Однако И.С. Бердников и профессор церковного права Харьковского университета М.А. Остроумов утверждали, что речь идет не «об умалении власти архиерейской, а об облегчении судебной деятельности епископа, об организации вспомогательного ему органа»[405].
С решительной критикой существовавшего епископского суда выступил Н.Д. Кузнецов[406], подчеркивая особенность России: ее большие епархии, в которых епископ не может вникать во все дела:
Епископу свойственно весь церковный суд творить нравственно-духовным образом, а не наподобие обыкновенного суда гражданского. Однако ‹…› одного нравственно-духовного архиерейского суда оказывается далеко недостаточно. Прежде всего, конечно, это объясняется тем, что русские епископы из архипастырей, близко стоящих к пастве и духовенству, превратились в администраторов больших церковных округов, называемых епархиями, которым уже в силу своих человеческих способностей некогда, да и невозможно входить непосредственно в нужды и поступки каждого даже из духовенства. И вот в России в области Церкви, при старании сохранить непременно непосредственный архиерейский суд, в действительности образовалась какая-то пародия на суд вообще. В существующем церковном суде не только уже не видно признаков нравственно-духовного архиерейского суда, но и сам суд совершается епископами по бумагам при полном устранении живой личности подсудимого. Исход дела почти всегда предрешается данными формального следствия, никем не контролируемого и предоставляемого чуть ли не полному усмотрению духовного следователя, часть очень мало даже знакомого с требованиями следственного производства. На такой почве естественно возникает всякого рода жалобы уже давно раздающиеся в России на церковный суд, на его мертвенность и односторонность, на полное игнорирование в нем личности подсудимых и т. п. Если чутко прислушаться ко всем этим жалобам, то можно подумать, что в области русского церковного суда затерялась самая идея правильного отношения к лицам, ему подвергающимся.

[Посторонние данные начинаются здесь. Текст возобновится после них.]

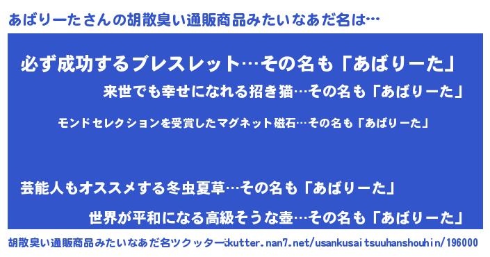 | 自動車の名前っぽいあだ名 | 『アンR』『アバティマ』『アクア』 |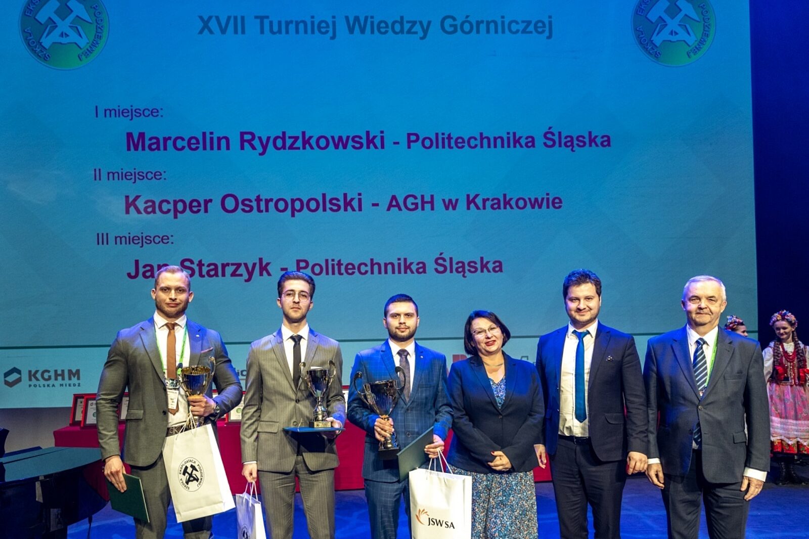 Ostatecznie w 17. edycji Konkursu Wiedzy Górniczej triumfował Marcelin Rydzkowski, student Wydziału Górnictwa, Inżynierii Bezpieczeństwa i Automatyki Przemysłowej Politechniki Śląskiej. Kacper Ostropolski (AGH) i Jan Starzyk (Politechnika Śląska) musieli stoczyć dogrywkę o II i III miejsce. Z tej batalii zwycięsko wyszedł reprezentant krakowskiej uczelni, który zdołał zgromadzić o dwa punkty więcej od swego rywala. A zatem pierwsze i trzecie miejsce przypadło Politechnice Śląskiej, drugie zaś Akademii Górniczo-Hutniczej.

Единственным выходом Кузнецов считал полное самоустранение епископов от суда, который планируется как внешний, формальный, а не духовно-нравственный.
Принятие на себя со стороны епископов подобного церковного суда слишком резко выдвинуло бы их в качестве обыкновенных судей, власти внешней, для которой нравственно-духовные отношения не имеют значения, и по-прежнему где-то высоко и далеко стоящей от паствы и духовенства. Поэтому именно в интересах охранения духовно-нравственного пастырского авторитета епископа всего удобнее передать предполагаемый церковный суд другим… Это прямо требуется в интересах правосудия, о которых духовенство тщетно хлопочет уже несколько десятков лет[407].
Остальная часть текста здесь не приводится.